The EESC urges Member States and EU institutions to take the necessary steps to curb excessive commodity speculation, while recognising that commodity derivative markets fulfil key services to the producers and users of food commodities, namely risk management and price discovery. In particular, the EESC recommends:

  • Regulating the futures market for food derivatives, as was the case for several decades until the end of the last century, which preserves the function of futures for hedging.
  • Regulating indexes (commodities indexes and food indexes), in particular by regulating and banning commodity index funds and replication via swaps and exchange traded products, as this maximises the link between energy and food markets.

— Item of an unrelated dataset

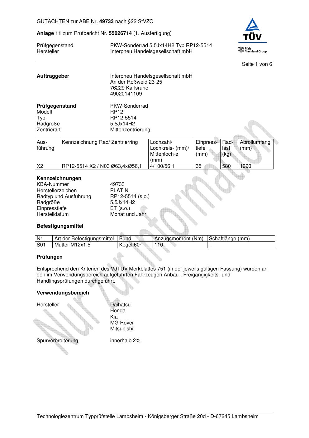 Dieses Gutachten (abe) bezieht sich auf die Alufelge Platin RP12-551 4 in der Ausführung 5.5Jx14 ET 0, Mittenloch 0 mm (KBA 49733). Im PDF findest du typischerweise zulässige Reifengrößen, Auflagen/Anbauhinweise und – je nach Dokument – Hinweise zur Eintragung.

  • Addressing the financialisation of the food sector as massive money-making off the backs of people, e.g. by introducing a global windfall taxation on excess profits before dividends of trade and financing corporations and a food speculation tax to curb high frequency trading, as well as breaking oligopolies at all levels of the international food trade chain and financial interests.
  • Enhancing market transparency, in particular by improving environmental, social and governance (ESG) reporting and non-financial disclosure of actors involved in speculation.

"There is no food scarcity. Due to the conflict, there is indeed a temporary shortage and a serious disruption in the food supply chain. But the main problem is distribution!", concluded the rapporteur.